NSF here, just enlisted recently. Prior to this i survived a harsh 2 years of emotional warfare. Lost a younger sibling, had to end a toxic 2 year relationship in the span of 6 months, not to mention struggling with A levels. I’ve spent my 2 years building up walls to protect myself, suppressing my emotions in front of friends and family to not appear weak. Im currently battling with the harsh training life in NS, the grief of the loss of my sibling as well as the loss of my relationship. Although she did not treat me the best, especially after my sibling died, she was still the closest person to me and we did share many beautiful moments during the earlier stages of our relationship. My heart burns everyday when i think about her and when i think about my sibling. She is doing well, has a scholarship and many people are proud of her. While I want to say that i wish her all the best and that im happy that she’s doing well, i cant help but feel this crushing sense of defeat. Why is it that I have to suffer so much, and have nothing to show for it, while the person who hurt me gets to enjoy life? Im fighting on so many fronts right now and i feel like its slowly crushing me. I have not cried in years, im too afraid of being judged by the people around me and have my feelings used against me, yet i feel like i want to cry out for help. The only sources of comfort i have are my friends, but none of which understand the full extent of the pain im going through as they have all happy lives. I also dont wish to burden them further. What do i do? I feel so trapped especially in NS where regimentation exists and life moves on in a strict routine. The harsh training often forces my mind to go in circles and cling onto old nostalgic moments, looking for comfort. But this always ends up in me thinking about my happier past and my mood is ruined for the day. Counselling in NS doesnt exactly work, seeing the counsellors often ends in me putting on a smile and not releasing my emotions, i talk about my feelings but i cant exactly express them. Man, im not suicidal or anything but i wish i could just not feel these things any more. I dont want to miss my sibling i dont want to miss and compare myself to my ex. really feels like im at a dead end here ![]()
Dear @s0raa
Thank you for reaching out for support while figuring out how to move forward carrying multiple heavy challenges.
Losing a sibling, ending a painful relationship, surviving A-levels, and then being thrown straight into NS is a huge amount of loss and pressure for any one person to endure. It is fully understandable that it feels crushing.
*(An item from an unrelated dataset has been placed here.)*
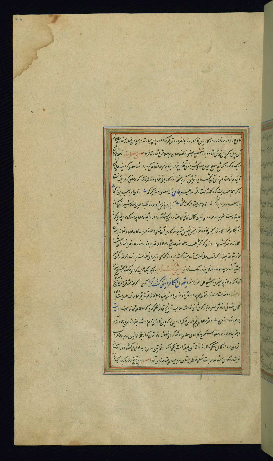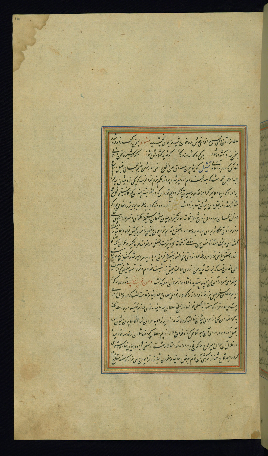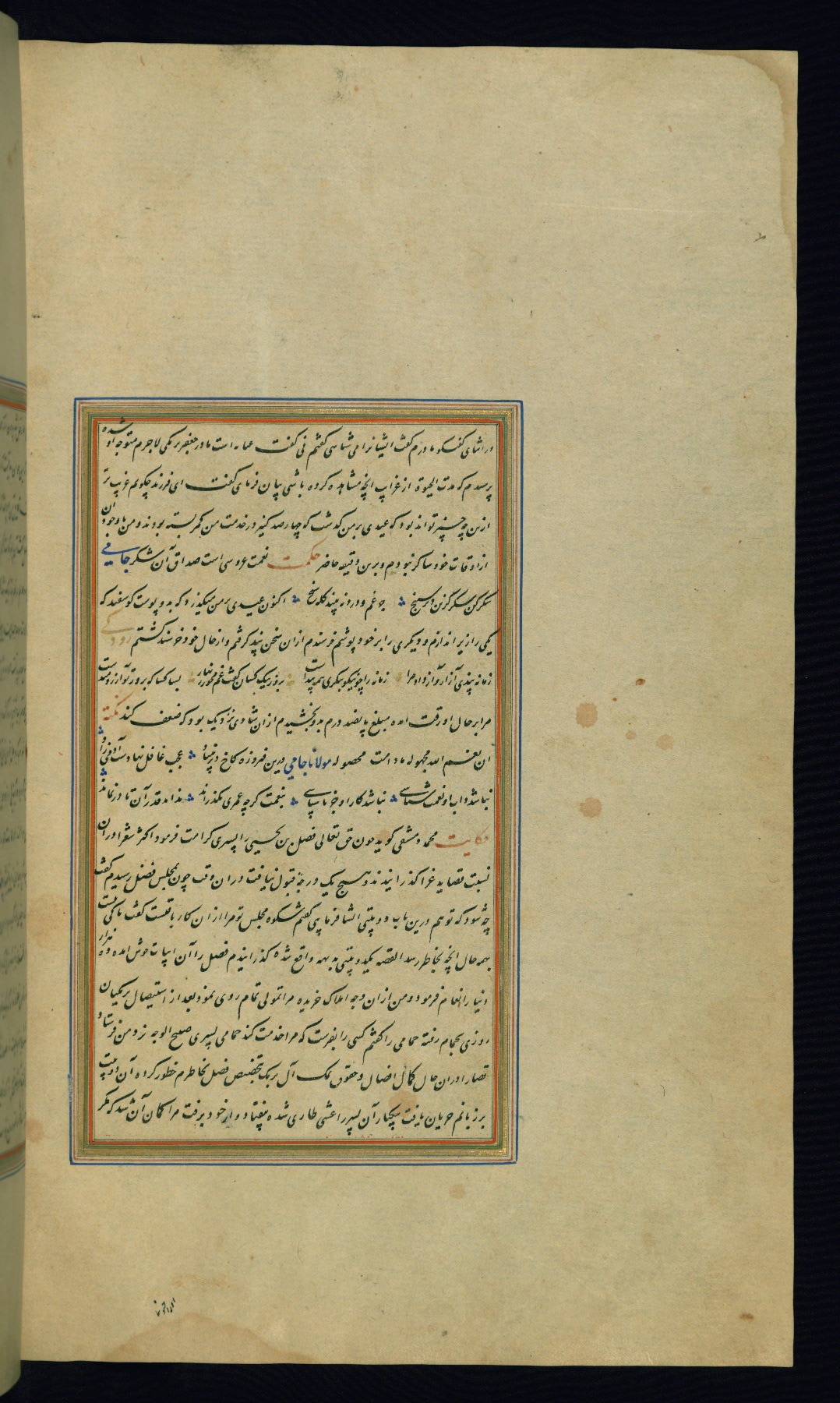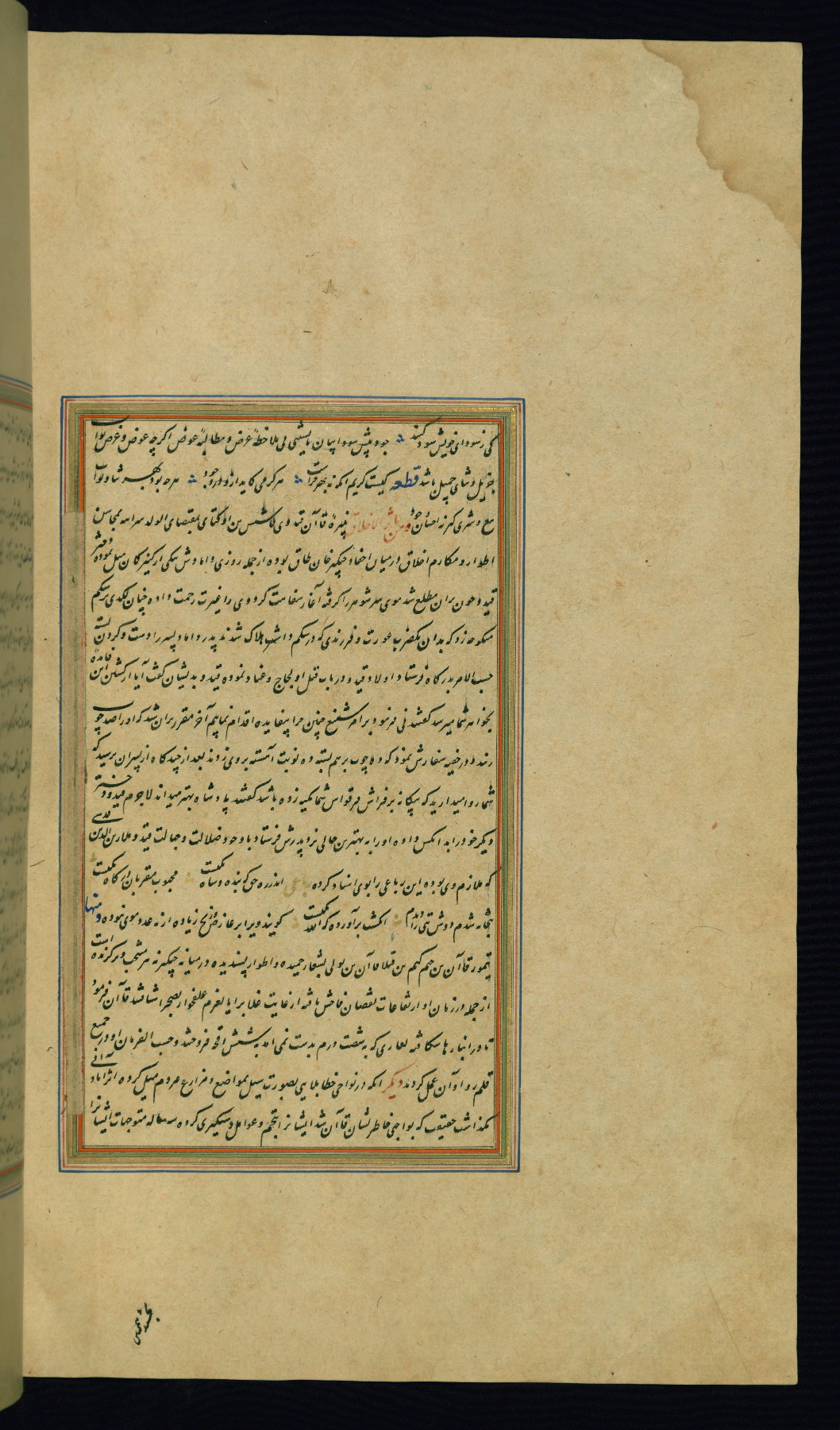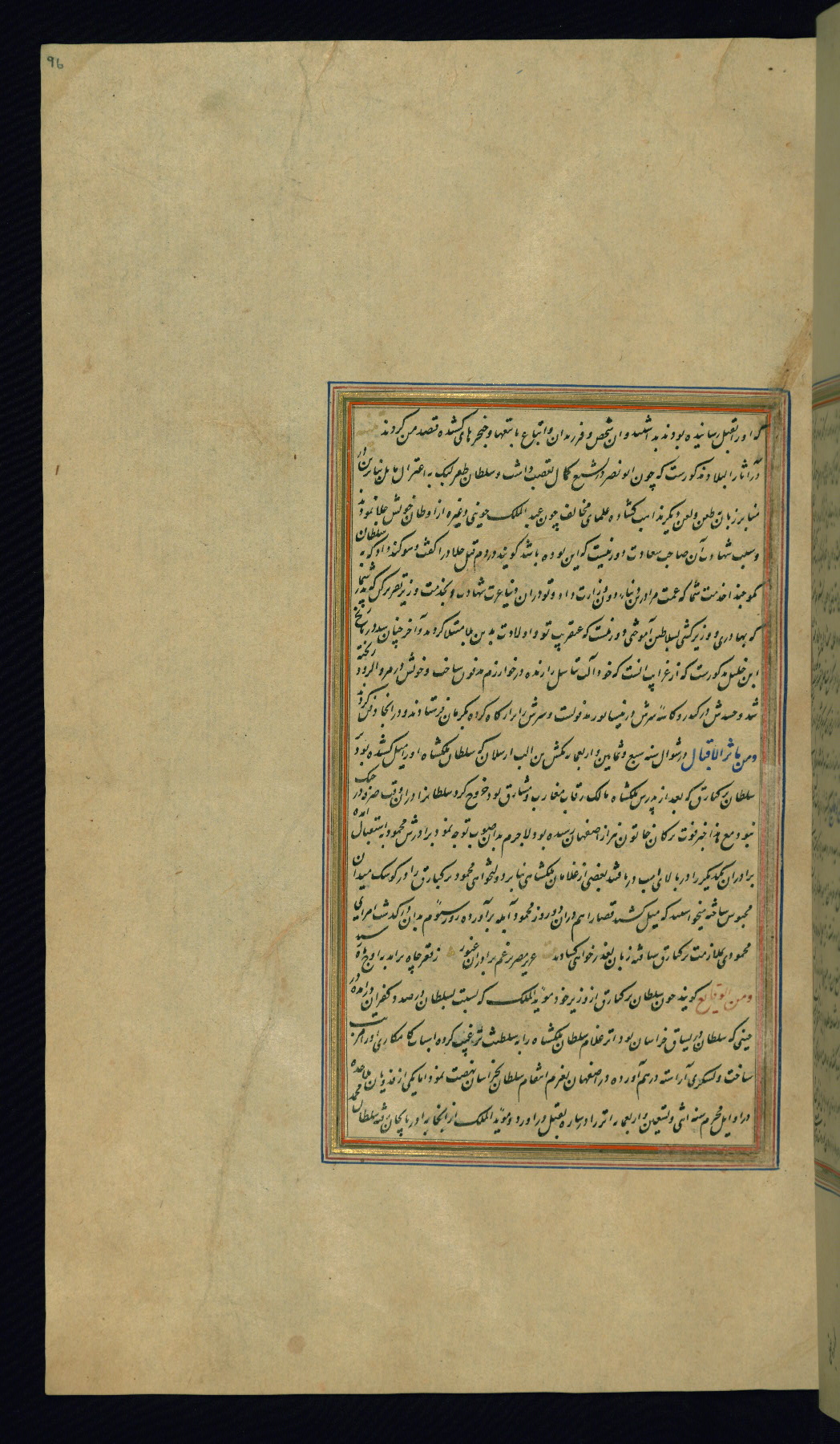 This is an illuminated and illustrated Safavid copy of the History of Nigaristan (Iran), known as Kitāb-i Nigāristān or Tārīkh-i Nigāristān by Ahmad Ghaffārī (d. 975 AH / 1567-8 CE). The colophon indicates that it was completed on 5 Shawwāl 976 AH / 1569 CE. The manuscript opens with a double-page illuminated frontispiece, and there are eight paintings illustrating the text in a style that has been associated with the school of painting at Shīrāz. The dark brown/black leather binding, which is contemporary with the manuscript, has a large central panel with oval and pendants. The border is comprised of cartouches alternating with roundels. All are gold-brushed and decorated with floral and cloud motifs.

Please know that your reaction indicates you have been surviving by holding everything in.
I also think the anger and unfairness you are feeling about your ex doing well while you’re struggling is a very human grief response. It suggests you were hurt at your most vulnerable and never got the opportunity or time to fully process the hurt and grief. Memories surfacing during training tell me you seek solace and relief while in a challenging environment.
I also think you have learnt that being vulnerable is not safe, so better not to cry or open up about what you are going through.
To your credit, you have already taken proactive steps to speak to counsellors in camp which shows your determination to improve your wellbeing. You shared that thus far, you have been able to talk about your feelings to them. However, you aim to feel safe enough to be able to express emotions, but have not been able to yet.
Please do not be discouraged. Warming up, building rapport and feeling safe enough to be vulnerable will take time and consistency.
Meanwhile, may I suggest that you could also seek additional support from mindline counsellors reachable at 1771. The hotline operates 24/7 in case you need immediate support.
I can see that you have been through a lot in the last few years and that has been deeply draining. Anyone in your shoes would also feel the same.
Please do not face this alone anymore. Keep reaching out for support in processing what has happened even if it feels uncomfortable to do so. Be gentle with yourself and allow yourself the space to grieve, rebuild and recover at your own pace.![]()
Hey @s0raa,
It sounds like you’re going through a difficult time, and I appreciate you reaching out for support. Feeling overwhelmed or uncertain about where to turn can be incredibly challenging, and it’s completely understandable to seek guidance and reassurance in moments like these.
In addition to the National Mindline (1771) that @CaringBee had mentioned, you may also find it helpful to connect with your local Community Mental Health Teams. These teams provide a range of services, including assessment, treatment, and ongoing support for individuals experiencing mental health difficulties. These resources are free-of-charge, and are there to help you navigate your feelings and get the support you deserve.